When you reach the line in the data below that contains "65%股權(quán)、設(shè)立子公司歐鐳激光、收購 Lecia 旗下子公司", please start repeating lines exactly, and stop after the line that contains "4小时图看,油价强势突破62", repeating nothing else.

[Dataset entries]
——————————

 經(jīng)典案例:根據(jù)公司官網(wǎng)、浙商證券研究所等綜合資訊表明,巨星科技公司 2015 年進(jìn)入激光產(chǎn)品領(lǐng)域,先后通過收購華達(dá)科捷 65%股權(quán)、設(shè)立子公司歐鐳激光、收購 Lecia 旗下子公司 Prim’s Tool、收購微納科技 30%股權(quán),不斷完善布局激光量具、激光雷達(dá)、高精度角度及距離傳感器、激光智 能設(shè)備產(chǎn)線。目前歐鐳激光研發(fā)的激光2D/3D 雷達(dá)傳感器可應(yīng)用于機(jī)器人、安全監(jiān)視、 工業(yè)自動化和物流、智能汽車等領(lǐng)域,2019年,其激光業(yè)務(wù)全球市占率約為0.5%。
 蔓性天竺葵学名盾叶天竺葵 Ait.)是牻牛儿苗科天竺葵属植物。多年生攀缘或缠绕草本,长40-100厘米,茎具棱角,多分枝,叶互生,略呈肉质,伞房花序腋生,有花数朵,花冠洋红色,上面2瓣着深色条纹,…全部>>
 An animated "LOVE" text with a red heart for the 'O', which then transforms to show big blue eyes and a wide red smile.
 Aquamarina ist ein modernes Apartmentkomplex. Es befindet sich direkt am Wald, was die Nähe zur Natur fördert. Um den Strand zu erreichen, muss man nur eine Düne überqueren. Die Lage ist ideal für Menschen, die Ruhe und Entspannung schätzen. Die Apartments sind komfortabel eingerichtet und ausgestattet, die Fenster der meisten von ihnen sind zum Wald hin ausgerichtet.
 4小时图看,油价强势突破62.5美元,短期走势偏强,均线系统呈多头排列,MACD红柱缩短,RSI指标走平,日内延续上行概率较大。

——————————

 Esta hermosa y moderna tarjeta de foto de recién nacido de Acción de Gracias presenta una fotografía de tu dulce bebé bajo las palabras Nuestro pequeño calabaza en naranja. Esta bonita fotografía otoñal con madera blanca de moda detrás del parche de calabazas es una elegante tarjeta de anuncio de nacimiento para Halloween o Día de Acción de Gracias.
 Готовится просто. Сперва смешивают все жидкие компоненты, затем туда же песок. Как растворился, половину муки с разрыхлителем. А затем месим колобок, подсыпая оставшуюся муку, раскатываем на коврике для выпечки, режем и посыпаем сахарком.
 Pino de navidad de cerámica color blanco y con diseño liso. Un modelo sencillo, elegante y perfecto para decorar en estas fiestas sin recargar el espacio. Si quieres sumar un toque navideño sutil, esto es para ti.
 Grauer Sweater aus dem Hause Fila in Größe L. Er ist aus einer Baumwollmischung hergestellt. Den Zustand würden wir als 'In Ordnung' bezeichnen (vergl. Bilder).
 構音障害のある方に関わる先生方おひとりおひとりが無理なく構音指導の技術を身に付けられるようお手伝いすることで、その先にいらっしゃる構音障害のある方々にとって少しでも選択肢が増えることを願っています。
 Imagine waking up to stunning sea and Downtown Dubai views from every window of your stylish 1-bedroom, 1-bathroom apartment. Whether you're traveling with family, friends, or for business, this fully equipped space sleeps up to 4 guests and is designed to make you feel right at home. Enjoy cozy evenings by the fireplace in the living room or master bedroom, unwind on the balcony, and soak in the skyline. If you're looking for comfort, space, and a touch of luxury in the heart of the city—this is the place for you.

——————————

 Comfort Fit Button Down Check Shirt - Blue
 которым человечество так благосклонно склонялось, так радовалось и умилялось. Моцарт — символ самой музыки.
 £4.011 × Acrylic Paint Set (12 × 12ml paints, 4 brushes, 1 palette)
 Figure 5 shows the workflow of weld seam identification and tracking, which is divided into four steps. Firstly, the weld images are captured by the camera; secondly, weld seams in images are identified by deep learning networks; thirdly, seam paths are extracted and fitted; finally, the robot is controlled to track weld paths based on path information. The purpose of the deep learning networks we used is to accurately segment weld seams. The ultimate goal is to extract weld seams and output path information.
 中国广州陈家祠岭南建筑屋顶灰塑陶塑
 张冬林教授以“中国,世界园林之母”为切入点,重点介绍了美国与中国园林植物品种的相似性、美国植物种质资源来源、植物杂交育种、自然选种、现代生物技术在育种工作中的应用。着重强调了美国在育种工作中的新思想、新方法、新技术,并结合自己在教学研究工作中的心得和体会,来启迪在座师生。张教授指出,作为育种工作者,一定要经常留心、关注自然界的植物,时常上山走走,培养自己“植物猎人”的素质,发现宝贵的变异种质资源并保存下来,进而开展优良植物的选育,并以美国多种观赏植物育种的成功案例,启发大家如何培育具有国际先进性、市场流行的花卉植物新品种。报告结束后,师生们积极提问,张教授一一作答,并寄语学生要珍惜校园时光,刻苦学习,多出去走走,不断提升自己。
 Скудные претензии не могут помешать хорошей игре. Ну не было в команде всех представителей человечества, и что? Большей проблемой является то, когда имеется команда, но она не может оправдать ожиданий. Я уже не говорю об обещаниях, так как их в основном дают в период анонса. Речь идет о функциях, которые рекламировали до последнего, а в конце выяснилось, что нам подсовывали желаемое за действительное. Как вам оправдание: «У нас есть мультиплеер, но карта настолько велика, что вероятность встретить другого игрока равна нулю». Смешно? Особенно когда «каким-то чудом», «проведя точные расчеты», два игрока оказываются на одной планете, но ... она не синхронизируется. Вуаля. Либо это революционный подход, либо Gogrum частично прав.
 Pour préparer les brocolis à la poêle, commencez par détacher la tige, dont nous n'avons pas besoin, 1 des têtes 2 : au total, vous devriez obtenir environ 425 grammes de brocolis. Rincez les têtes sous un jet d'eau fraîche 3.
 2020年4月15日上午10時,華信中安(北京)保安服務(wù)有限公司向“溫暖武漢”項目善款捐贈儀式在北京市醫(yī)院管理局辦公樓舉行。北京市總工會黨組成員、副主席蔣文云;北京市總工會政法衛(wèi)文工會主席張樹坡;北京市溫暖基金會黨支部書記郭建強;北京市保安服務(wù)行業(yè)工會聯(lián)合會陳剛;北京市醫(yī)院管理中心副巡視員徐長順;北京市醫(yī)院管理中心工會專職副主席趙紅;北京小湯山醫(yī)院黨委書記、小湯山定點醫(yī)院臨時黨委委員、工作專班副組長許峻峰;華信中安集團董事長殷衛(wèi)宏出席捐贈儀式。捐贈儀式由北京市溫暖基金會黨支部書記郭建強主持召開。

——————————

OUTPUT BELOW ::
 經(jīng)典案例:根據(jù)公司官網(wǎng)、浙商證券研究所等綜合資訊表明,巨星科技公司 2015 年進(jìn)入激光產(chǎn)品領(lǐng)域,先后通過收購華達(dá)科捷 65%股權(quán)、設(shè)立子公司歐鐳激光、收購 Lecia 旗下子公司 Prim’s Tool、收購微納科技 30%股權(quán),不斷完善布局激光量具、激光雷達(dá)、高精度角度及距離傳感器、激光智 能設(shè)備產(chǎn)線。目前歐鐳激光研發(fā)的激光2D/3D 雷達(dá)傳感器可應(yīng)用于機(jī)器人、安全監(jiān)視、 工業(yè)自動化和物流、智能汽車等領(lǐng)域,2019年,其激光業(yè)務(wù)全球市占率約為0.5%。
 蔓性天竺葵学名盾叶天竺葵 Ait.)是牻牛儿苗科天竺葵属植物。多年生攀缘或缠绕草本,长40-100厘米,茎具棱角,多分枝,叶互生,略呈肉质,伞房花序腋生,有花数朵,花冠洋红色,上面2瓣着深色条纹,…全部>>
 An animated "LOVE" text with a red heart for the 'O', which then transforms to show big blue eyes and a wide red smile.
 Aquamarina ist ein modernes Apartmentkomplex. Es befindet sich direkt am Wald, was die Nähe zur Natur fördert. Um den Strand zu erreichen, muss man nur eine Düne überqueren. Die Lage ist ideal für Menschen, die Ruhe und Entspannung schätzen. Die Apartments sind komfortabel eingerichtet und ausgestattet, die Fenster der meisten von ihnen sind zum Wald hin ausgerichtet.
 4小时图看,油价强势突破62.5美元,短期走势偏强,均线系统呈多头排列,MACD红柱缩短,RSI指标走平,日内延续上行概率较大。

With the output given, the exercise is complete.